O ano que agora termina ficará tragicamente marcado pelos incêndios de junho e de outubro, pela violência brutal da morte das 111 vítimas, pelo trauma e dor dos sobreviventes, pela necessidade de respostas imediatas e estruturais às populações. Outros casos, mais ou menos mediáticos, e com importância diferenciada, ficarão certamente associados a 2017. Para lá da espuma dos dias fica a vida dos comuns mortais, e é essa a dimensão que me interessa aqui abordar.
A narrativa de que o “Estado falhou” é deliberadamente simplista, perversa e perigosa. O Estado tem costas largas, mas será oportuno questionar se quem invoca o falhanço do Estado defende, em alternativa, a eficácia do mercado? Fazer confundir o Estado com governos não é inocente e visa desresponsabilizar os segundos que, reconfiguraram as funções sociais do primeiro, para assim justificar o encerramento e privatização de serviços públicos essenciais.
Nos últimos anos, de uma forma generalizada, e sobre “casos” com natureza e dimensão muito variável, a conclusão quase sempre vencedora foi: o falhanço do Estado. Escândalos de gestão ruinosa na banca privada (BPN, do Banif, do BES/GES); incêndios florestais, e irregularidades em IPSS’s… Certamente que existiram erros e responsabilidades que devem ser assumidas até às suas últimas consequências. Mas partir daqui para a generalização de que, por princípio o Estado fiscaliza mal, quanto mais gerir, é um salto quântico. Quântico, mas deliberado e perigoso, repito. Ainda mais quando, no momento de acudir a processos de gestão ruinosa ou de natureza semelhante, têm sido os recursos públicos que entram em ação para cobrir processos altamente danosos.
2017 confirmou a importância de consolidar um caminho de reposição de direitos. A reposição do pagamento integral do subsídio de férias e de Natal; o aumento extraordinário das pensões que abrangerá mais de 1 milhão e 600 mil reformados; a criação de dois novos escalões IRS, abrangendo 2 milhões e 800 mil pessoas; a eliminação da sobretaxa; a atualização do “mínimo de existência”, significando a isenção de IRS ou a sua redução até 480 euros nos salários e reformas mais baixos. Avanços positivos também na reposição do pagamento integral das horas extraordinárias, trabalho noturno e horas de qualidade; na eliminação do corte de 10% no subsídio de desemprego; no reforço da medida de apoio extraordinário a desempregados de longa duração; no impedimento de cativações no SNS.

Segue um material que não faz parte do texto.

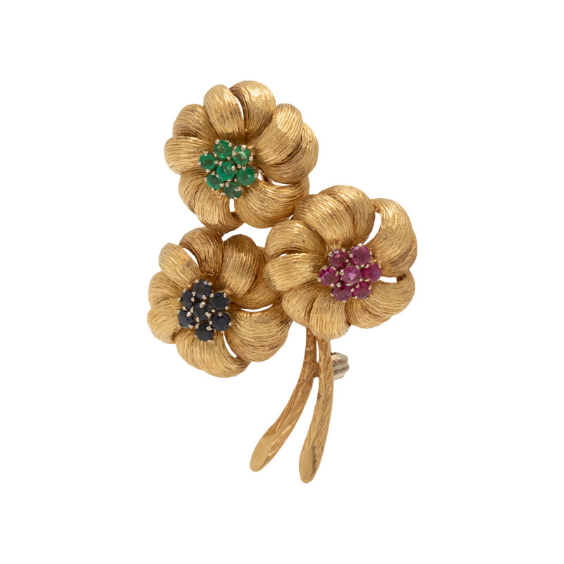 Consisting of a textured flower design containing seven round emeralds, rubies and sapphires. 1 1/2 x 1 3/4 inches.
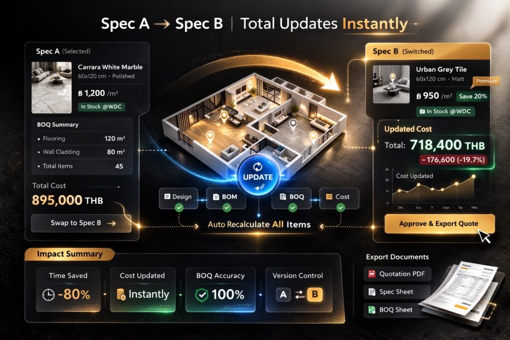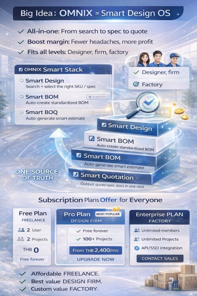 คุณภาณุเมศวร์ เศรษฐสิริสุนทร| Marketing, Branding & Product Consultant, OMNIX กล่าวว่า OMNIX ถูกออกแบบจากทีมผู้เชี่ยวชาญที่ “รู้ปัญหาในงานจริง” โดยมีเป้าหมายทำให้ทุกอย่างง่ายขึ้น เร็วขึ้น และแม่นยำมากขึ้น พร้อมยืนยันกำหนดการเปิดใช้งานจริงว่า “OMNIX ถูกพัฒนาโดยคนที่เข้าใจงานออกแบบจริง ๆ เราตั้งใจให้ workflow ของการสเปควัสดุ การทำ BOM/BOQ และการออกใบเสนอราคาเป็นมาตรฐานเดียวกัน เพื่อให้ทีมทำงานร่วมกันได้อย่างมีประสิทธิภาพ และวัดผลได้ชัดเจน โดยมีแผนเปิดใช้งานจริงใน เดือนพฤษภาคม2569 ในรูปแบบสมาชิก (Subscription)”
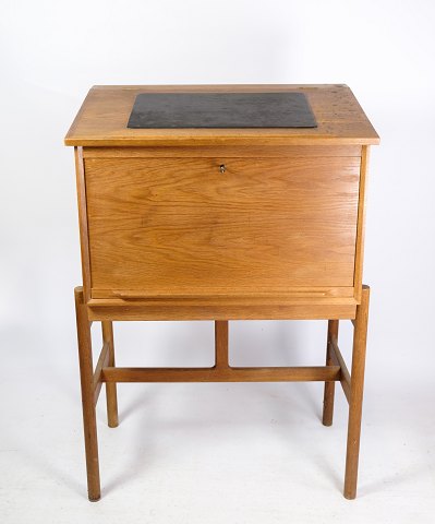 Med sin velproportionerede størrelse og rummelige bordplade tilbyder dette skrivebord en behagelig arbejdsstation til både hjem og kontor. Det er et klassisk møbelstykke, der bringer en tidløs elegance til enhver indretning og fortsætter med at være et eftertragtet stykke blandt samlere og beundrere af dansk design.

Não houve um único avanço ou direito reposto que não tivesse resultado da luta dos trabalhadores e da intervenção do PCP. Tal não será facto necessariamente novo, mas será sobretudo importante, se pensarmos no tanto que se andou, mas no tanto mais que se poderia ter andado. As opções de fundo do atual Governo PS e as respetivas amarras são obstáculos incontornáveis ao desenvolvimento do País: Dívida, Euro, regras da governação económica da União Europeia são problemas, não são soluções. As metas de redução do défice limitam o ritmo e o alcance da reposição de direitos, rendimentos e investimento público necessário.

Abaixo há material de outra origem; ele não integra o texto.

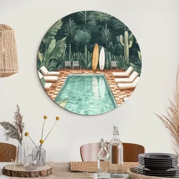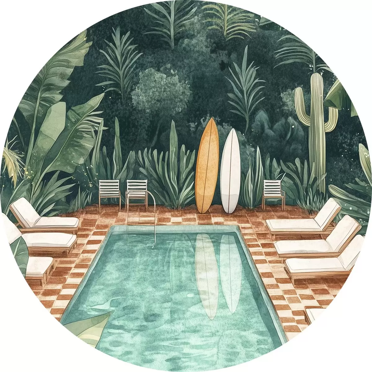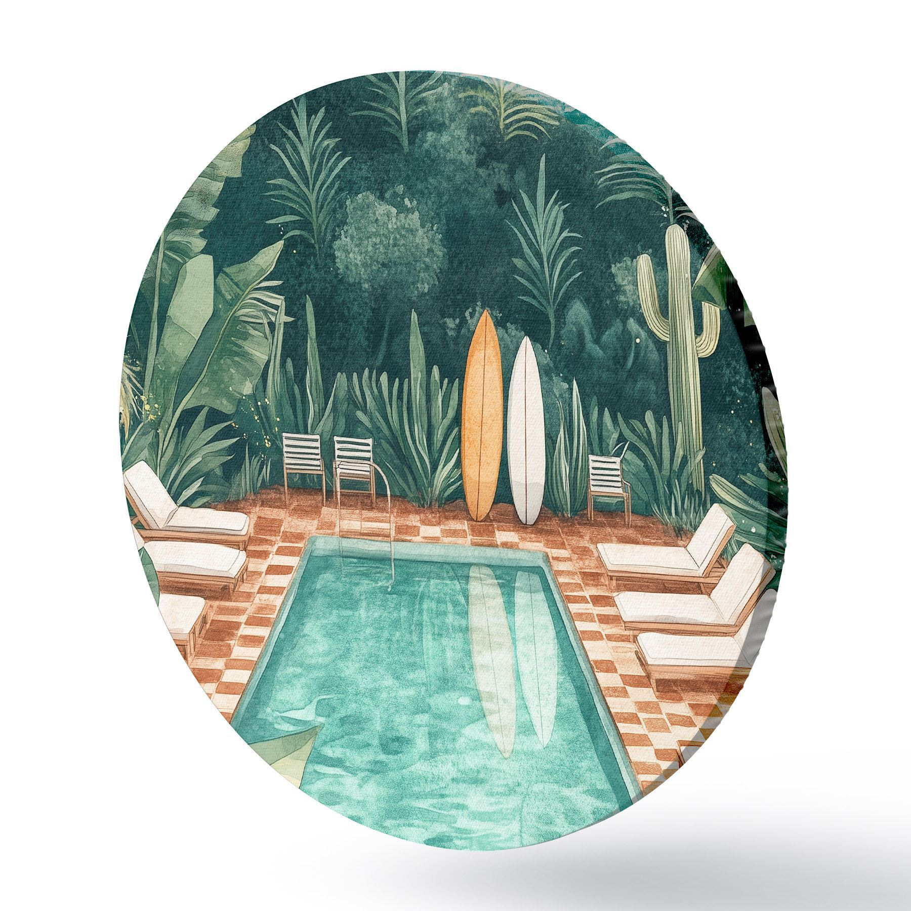 Picturi rotunde Vintage piscină de vară, pădure tropicală, verdeață, palmieri, stil acuarelă Nr r43191
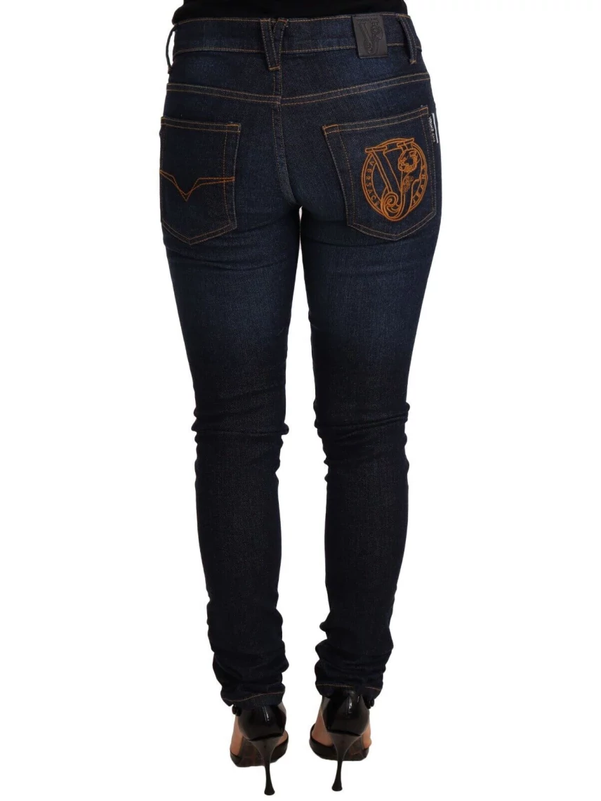 Dai un tocco di stile al tuo look denim con questi splendidi jeans skinny VERSACE JEANS COUTURE, perfetti per aggiungere un tocco di lusso al tuo abbigliamento quotidiano. Realizzati in pregiato cotone, questi jeans offrono una vestibilità a vita bassa e sono impreziositi da eleganti dettagli con logo per un inconfondibile tocco di stile. Dotati di un'elegante chiusura con cerniera e di versatili tasche multiple, sono tanto pratici quanto eleganti. Indossa l'esemplare finitura blu scuro per un look raffinato e disinvolto. Colore: Blu Materiale: Cotone Modello: Jeans skinny in denim a vita bassa Chiusura con cerniera Dettagli con logo Paese di origine: SE
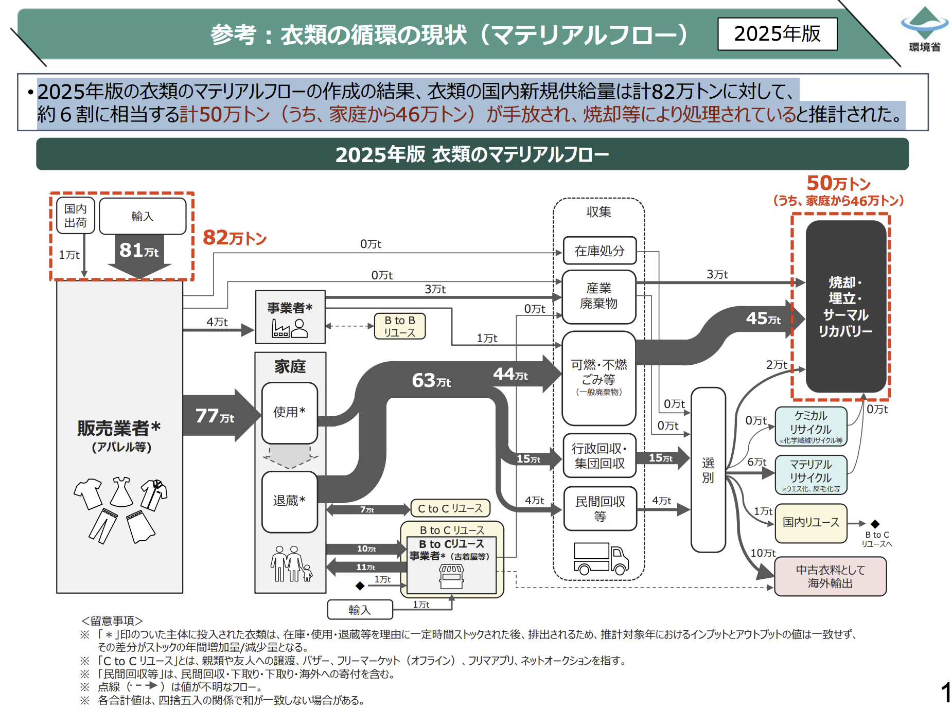 現在日本では、衣類の国内新規供給量が計82万tなのに対し、約6割に相当する計50万t(そのうち家庭から46万t)が手放され、焼却等により処理されている。

Necessário, porque continuamos a viver num país onde cerca de 2 milhões de pessoas estão em risco de pobreza e exclusão social; onde 2/3 dos idosos sobrevivem com pensões próximas ou abaixo do limiar da pobreza; onde mais de 700 mil trabalhadores auferem um salário mínimo inferior a 600 euros; e onde o trabalho precário hipoteca o futuro de milhares e milhares de famílias. Terminando 2017 e antevendo 2018, urge a necessidade de uma outra política de criação e distribuição de riqueza: na revisão dos limites do défice, no combate ao favorecimento do grande capital, na aposta no aparelho produtivo, na exigência do aumento dos salários e fixação do salário mínimo em 600 euros, no combate à precariedade, na eliminação das normas gravosas do Código do Trabalho, no reforço dos serviços públicos.

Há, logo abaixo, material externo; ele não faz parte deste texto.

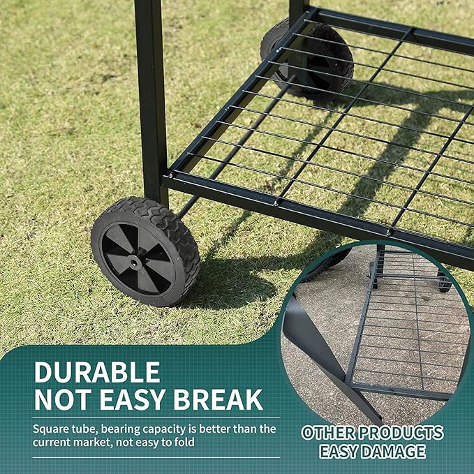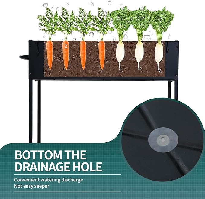 - Raised Garden Bed: Sturdy metal construction with square iron table legs for sufficient support and durability.
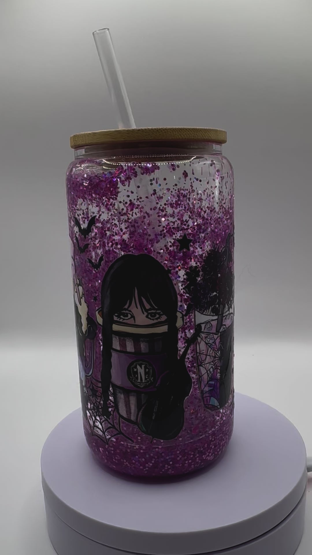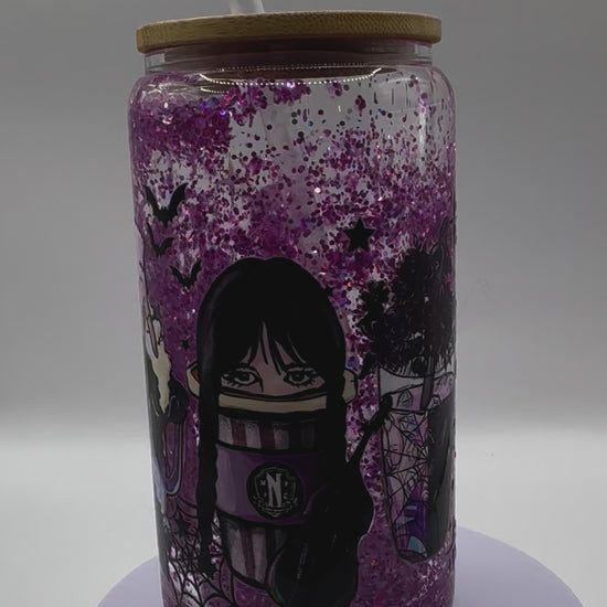 Purple Wednesday Halloween 16oz Glass Snow Globe Cup
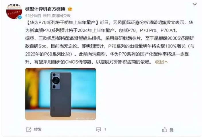 曝華為P70系列將搭載麒麟處理器,預(yù)計(jì)2024年上半年量產(chǎn)
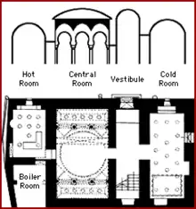 The baths consist of rooms similar to the Roman Hypocaust system of baths with a normal temperature room for undressing, a cold room and a hot room. Channels under the floor would allow warm air to circulate as a form of underfloor heating. This process of bathing would act like modern saunas whereby moving between hot and cold temperatures cleanses the body by sweating.[7]

As feridas fundas de tempos de retrocesso recentes continuam por sarar. Mas se não faltou força para derrubar inevitabilidades, não faltarão razões e vontade aos trabalhadores e ao povo para construir um país mais justo e uma vida melhor. “Cada fio de vontade são dois braços, e cada braço uma alavanca”, venha daí 2018 com uma imensa confiança no futuro.